Varga was a Hungarian political economist; he lived in the Soviet Union and was a member of the CPSU. For a long time he belonged to the outer circles of the Soviet Party leadership. He drew up the frequent economic analyses that Stalin used as a basis for his reports to the Party Congresses and for other documents.
Varga died in 1964 in Moscow. Shortly before his death he wrote down notes which, among other things dealt with the class relations in the Soviet Union. He did not write these notes to give them to anybody, but in the hope that they would be found later and published. They were published for the first time in the book by Gerhard Duda, Eugene Varga and the History of the Institute for World Economics and Politics in Moscow, 1921-1970. A later printing followed in the journal Streitbarer Materialismus [Militant Materialism] no. 19. The following quotes of Varga are taken from the latter publication.
We are concerned with this text of Varga not because we are in agreement with his political assessments. Quite the contrary. These political assessments are in our opinion partially very confused. In the conflict between the Khrushchevite Soviet leadership and the Chinese leadership around Mao Tsetung, Varga supported the Chinese position. That was done by almost all Marxist-Leninists in the whole world at that time, based on a mistaken assessment of the class character and the goals of the Chinese leadership. However Varga's reasons are partially abstruse and un-Marxist. Thus he makes the reproach that there was a lack of internationalism, that the Soviet Union supported China diplomatically, but "never militarily... on the question of Taiwan, on the question of the admission of China to the U.N.O. and the Security Council" (Varga, The Conflict between the Soviet Union and China, in German, p. 134). Should the Soviet Union have gone to war over this matter? At the same time Varga deplores "that since Stalin took power there has been a constant and successive decline of proletarian internationalism in the Soviet Union" (ibid). In general, it was Stalin's fault, according to Varga, that the negative changes that he deplores took place in the Soviet Union (ibid, p. 162).

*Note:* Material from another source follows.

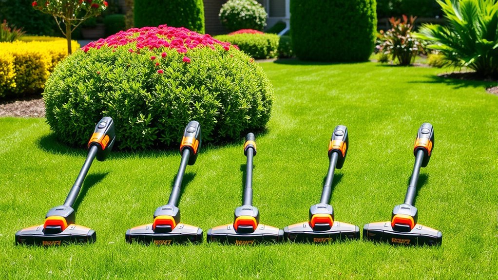These battery-powered trimmers operate as quietly as a whisper, making yard work feel less like a battle and more like a breeze. Compared to gas-powered tools, they produce markedly less noise, which means I can trim my yard without disturbing the neighbors or my own peace. It’s like having a secret weapon—powerful yet peaceful—allowing me to tackle chores without the roar of traditional engines.
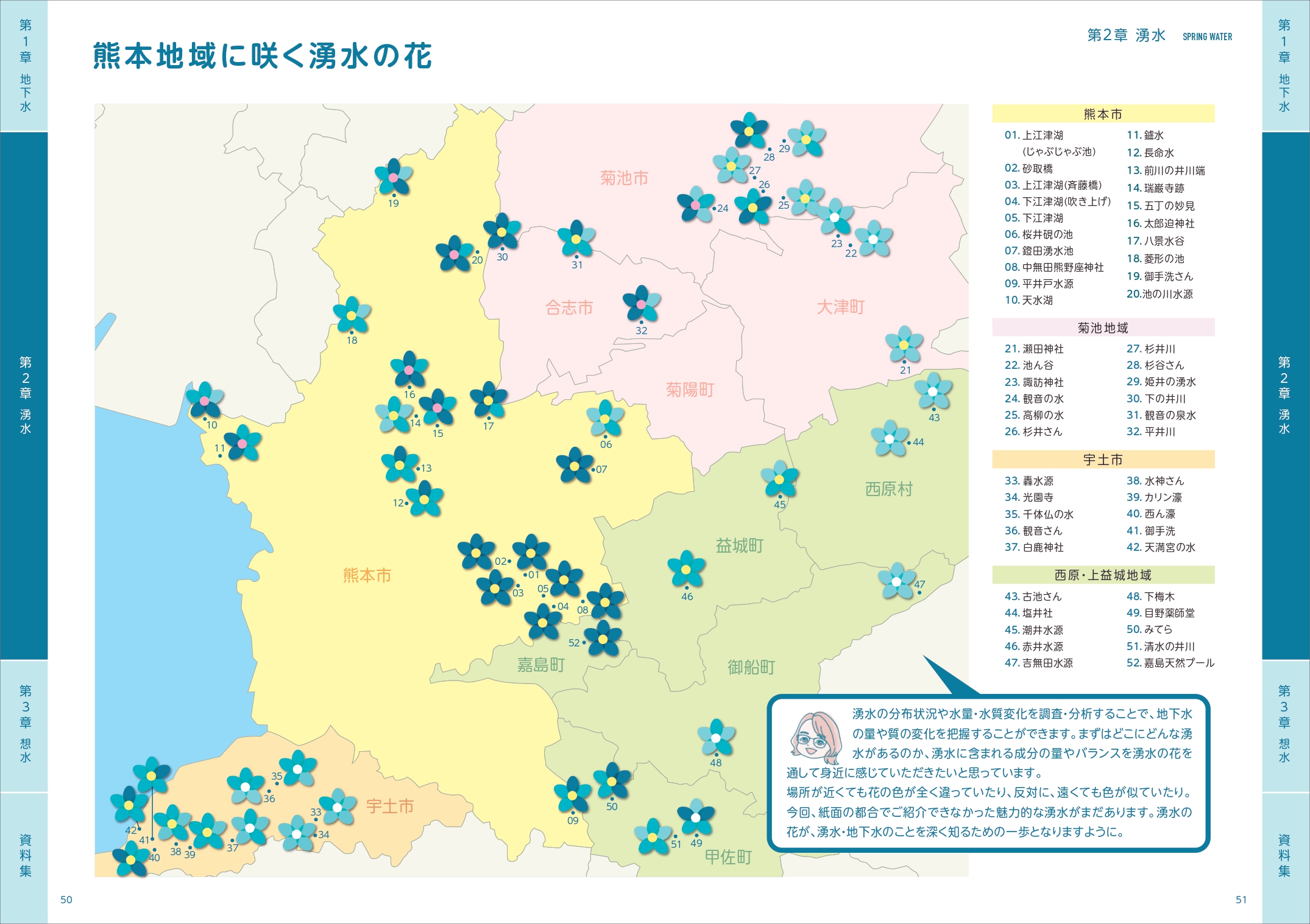 令和2年度から令和6年度までの5年間、熊本地域内の湧水地点52か所の水質調査を実施しました。その調査結果をまとめたデジタルブック「湧水の花」を作成しました。

This negative personality cult of Varga, according to which one man alone could be "at fault" for the fundamental development of a huge country, is only one example of the fact that Varga had lost his orientation. Of course, one cannot make this a personal reproach against him. The development of the communist movement at that time was so complicated and contradictory that anybody could easily lose his orientation, especially when he was personally quite isolated, as was the case with Varga at the time.
Nevertheless for two reasons Varga's notes are still valuable:
One is that he depicts certain facts that throw significant light on the class relations in the Soviet Union at that time. The other is because he depicts facts which, after all, are indications of what class stand Stalin took, namely that he turned against those who were taking a path that would change the dictatorship of the proletariat into a dictatorship over the proletariat. Varga decisively rejected Stalin at the time he wrote these notes, but by depicting the facts he involuntarily showed that Stalin fought against conditions that, in bourgeois propaganda are generally called "Stalinist."

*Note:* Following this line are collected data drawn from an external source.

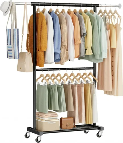 【Espaciosa 50 pulgadas de ancho】Mide 50.23 pulgadas de ancho x 15.3 pulgadas de profundidad x 64.17 pulgadas de alto. La barra horizontal superior extensible de 34 a 50 pulgadas proporciona un abundante espacio para colgar. La altura vertical se puede ajustar fácilmente de 26.7 a 31 pulgadas, y los estantes de malla resistentes te proporcionan un mayor espacio de almacenamiento, lo que hace que la organización diaria sea muy fácil Diseño de soporte fiable: nuestro perchero emplea una estructura en forma de T y acero al carbono grueso de 0.866 pulgadas para un soporte óptimo, y puntos soldados sin problemas que resultan en una estructura duradera que soporta una carga de hasta 150 libras Lo suficientemente alto para cualquier ropa: este perchero de 62 pulgadas de alto (de la parte superior a la base sin incluir las ruedas) es perfecto para una variedad de artículos de ropa, desde camisas y suéteres hasta faldas largas y vestidos. Instrucciones detalladas y piezas para un montaje rápido y fácil están incluidas en el paquete 【Fácil movilidad y seguridad】El perchero está equipado con cuatro ruedas omnidireccionales de alta resistencia por lo que es fácil de mover a diferentes habitaciones, incluso cuando está completamente cargado. Dos ruedas bloqueables mantienen el estante firmemente en su lugar cuando sea necesario Versátil y estético: el estante no solo ofrece espacio para la ropa, sino que también incluye un estante para zapatos o cajas de almacenamiento. Dos espaciadores antideslizantes en la parte superior evitan que los artículos se caigan. Ideal para dormitorios, guardarropas, lavaderos o entradas. Mantiene tu espacio limpio y organizado, mientras se combina perfectamente con varios estilos de hogar
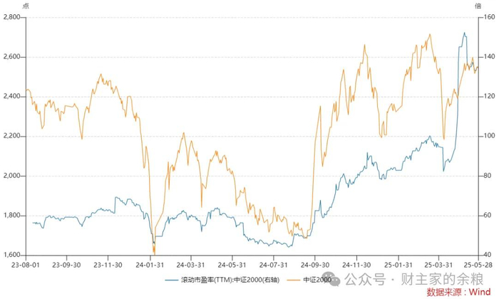 此后,即便遭遇中美贸易战的“偷袭”,中证2000指数暴跌,但人家反弹得比谁都快,到5月上旬的时候,中证2000的TTM市盈率估值,一度超过150倍呢!
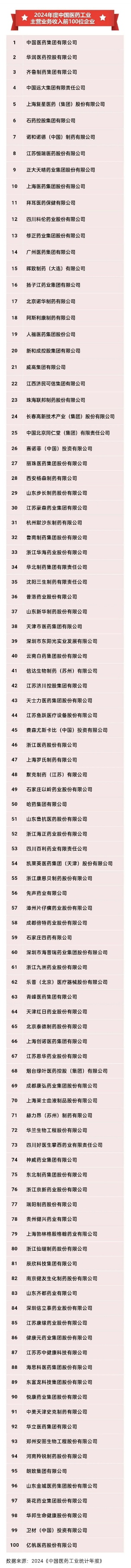2024年度中國醫藥工業(yè)主營(yíng)業(yè)務(wù)收入前100位企業(yè)名單揭曉(附名單)
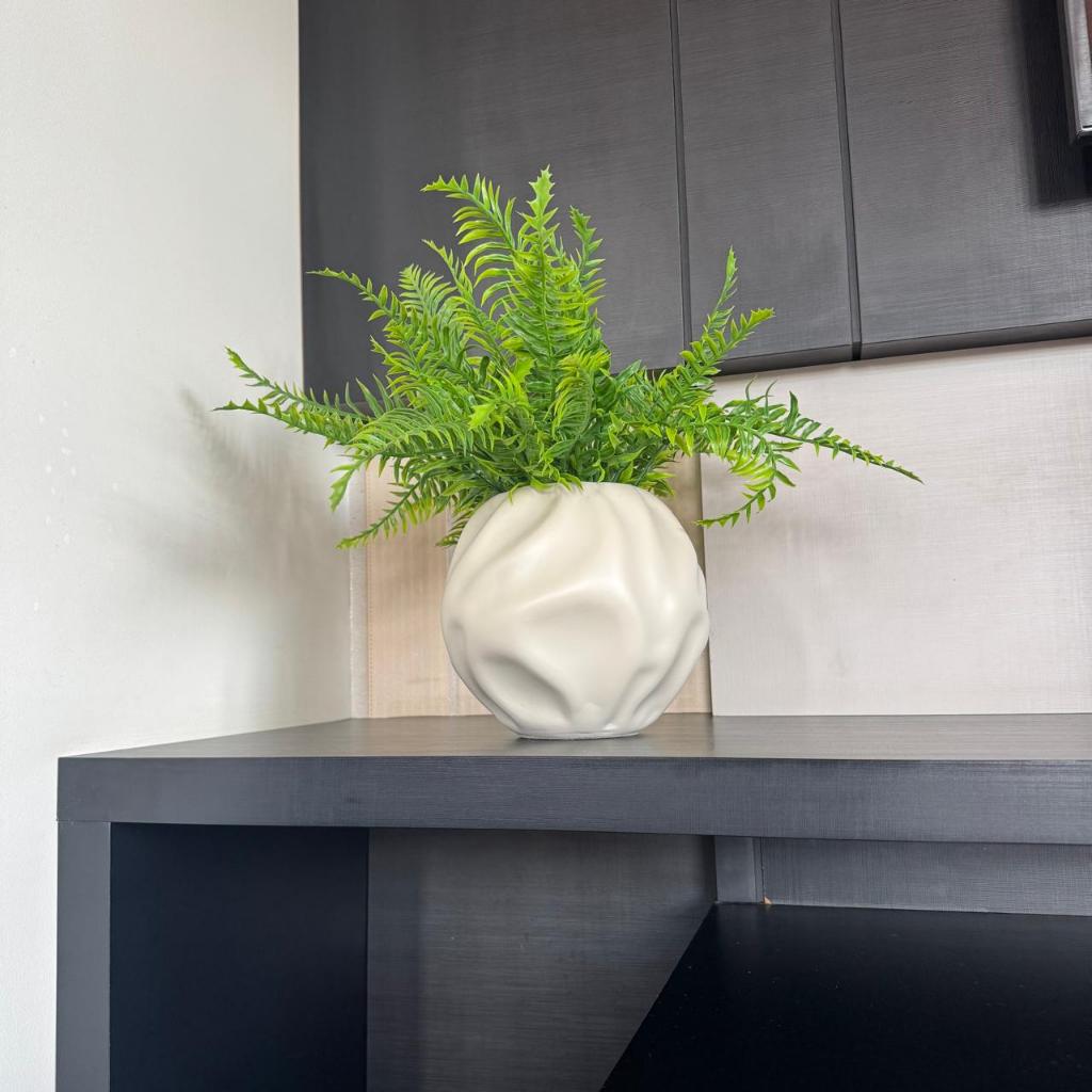 Decoração sala aparador vaso branco cerâmico orgânico pintura fosco acetinado
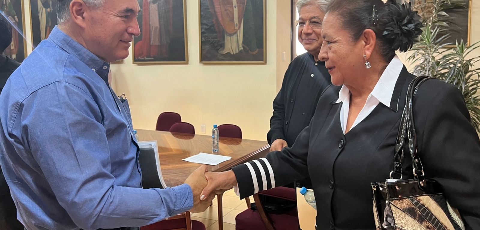 La reunión se llevó a cabo en la sede del arzobispado. Por parte de los comerciantes estuvieron presentes la Arquitecta María Carmen Ramírez Reyna, Eustolio López, Alicia Rivera y Felipe Vázquez. Por el Colegio de San Luis participó David Madrigal.
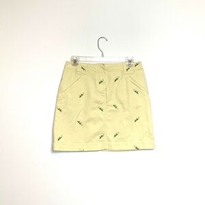 J.Crew Skirt Yellow Green Lizard Embroidery Back Pockets

Of course, only from the details related to us by Varga, one can not draw final conclusions, either about the development of class forces in the Soviet Union or about the class stand of Stalin. These details, however, can contribute to filling out a picture that one creates based on a multitude of facts and a totality of analyses.
Varga deplores a "far-reaching moral deterioration of Soviet society." "The people up to the upper stratum of the bureaucracy try to increase their incomes not only by greater work efficiency but by all possible means: by robbing from the state, speculation (N.I. Smirnov, the Secretary of the Crimean region), divulging military secrets (O.V. Penkovsky), theft of personal property, beginning in school to the appropriation of manuscripts. The exposition of the detailed methods of cheating, by means of which the riches and income of the socialist state and of other socialist organizations have been transferred into private hands, would require many books....
"A worker in a Sovkhoz [state farm] receives a monthly wage of 30-50 rubles, a member of an academy approximately 1,000 rubles, thus 20-30 times as much.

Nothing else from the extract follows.